Don't think there is anything else that can cohabit. Especially not with an iguana.


----------



## starfox (Nov 21, 2010)

In a word.. No.
I wouldn't risk it. Especially if you are new to the species or just reptiles in general. If you would like a few lizards, i would just get 2 CWD's (chinese water dragons) instead of mixing species


----------



## reptilekidkane (Dec 11, 2009)

Ophexis said:


> I have read somewhere that providing there is adequate space, and an extra vivarium if things don't go well, a Chinese Water Dragon and a basilisk can cohabit... But I personally wouldn't risk it.
> Don't think there is anything else that can cohabit. Especially not with an iguana.

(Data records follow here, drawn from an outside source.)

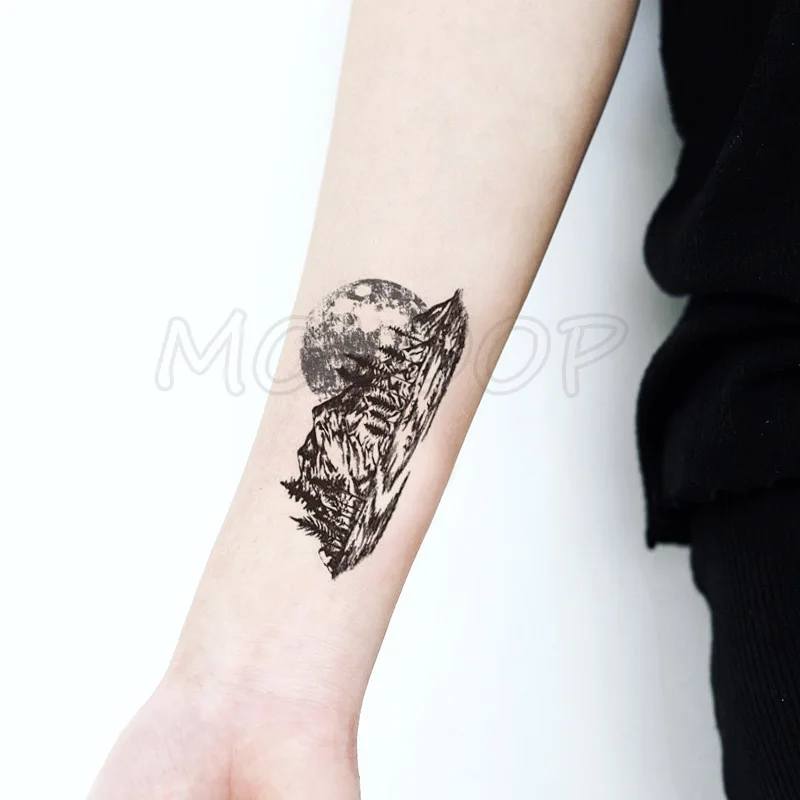 Татуировка наклейка планета Луна Звезда лес горы дерево река вода переводная Временная поддельная Татуировка флэш-тату для детей девочек мужчин
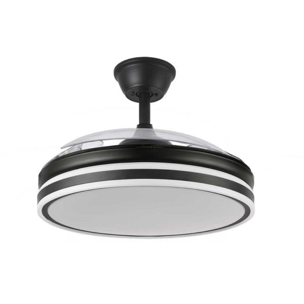 Ventilador BAYOMO realizado en metal y policarbonato, en color NEGRO con tres aspas DESPLEGABLES de ABS transparente muy resistentes. Motor DC. Tiene seis velocidades ajustables. Tecnología LED integrada con una potencia de 72W, con 3 TEMPERATURAS DE LUZ (3000-4000-6000K) y 6120 lúmenes. Control de aire verano o invierno. Su medida es de 32/47X49X49 centímetros con las aspas plegadas y de 32/47X108X108 centímetros con las aspas desplegadas, con dos medidas de tija para instalarlo a diferentes alturas. Mando a distancia INCLUIDO con MEMORIA DE COLOR incorporada y TEMPORIZADOR 1/2/4 H. Modelo disponible en color Níquel, Cuero, Blanco y en color Negro.
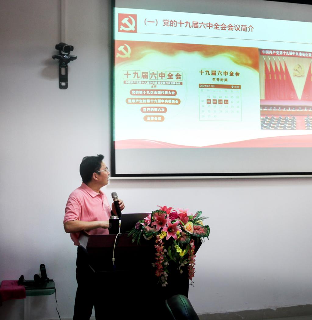 学院何志巍院长在学习会上以《在新的赶考路上创造新的辉煌》为题,结合《中共中央关于党的百年奋斗重大成就和历史经验的决议》,从会议召开背景、主要内容、重要意义等方面作辅导报告。他指出,要紧密结合工作实际开展学习,引导全体师生把思想和行动统一到党的十九届六中全会精神上来,提高政治站位、增强政治自觉,把学习成效体现到推动学院各项事业发展上。
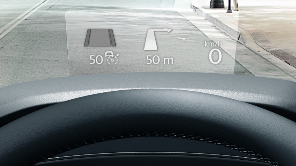 차량 속도, 내비게이션 세부 정보를 포함한 주행 정보가 투사되어 명확하게 표시되므로, 운전자가 시선을 돌리지 않고 집중해서 운전할 수 있도록 도와줍니다. (Prestige 적용)
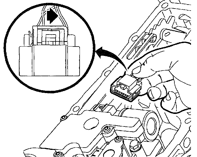 3. Press connector tab and remove connector for the input and output speed sensor assembly from the control valve body assembly.

Thanks got the reply I was only wondering cause in my local pet store they have an Aussie water dragon and iguana :gasp:


----------



## magick (Aug 18, 2009)

Generally no, most reptiles require different needs ie. Temps, humidity. I would say that even keeping 2 reptiles of the same species together is alot of hassle and hard work, watching out for fighting and dominance issues and even then you can never guarantee that they will get along, nevermind 2 different species together, why not just get 2 setups for 2 reps?


----------



## reptilekidkane (Dec 11, 2009)

starfox said:


> In a word.. No.
> I wouldn't risk it. Especially if you are new to the species or just reptiles in general. If you would like a few lizards, i would just get 2 CWD's (chinese water dragons) instead of mixing species



I have been keeping reptiles for 5 years now :lol2: I was just wondering really thanks for the reply


----------



## reptilekidkane (Dec 11, 2009)

magick said:


> Generally no, most reptiles require different needs ie. Temps, humidity. I would say that even keeping 2 reptiles of the same species together is alot of hassle and hard work, watching out for fighting and dominance issues and even then you can never guarantee that they will get along, nevermind 2 different species together, why not just get 2 setups for 2 reps?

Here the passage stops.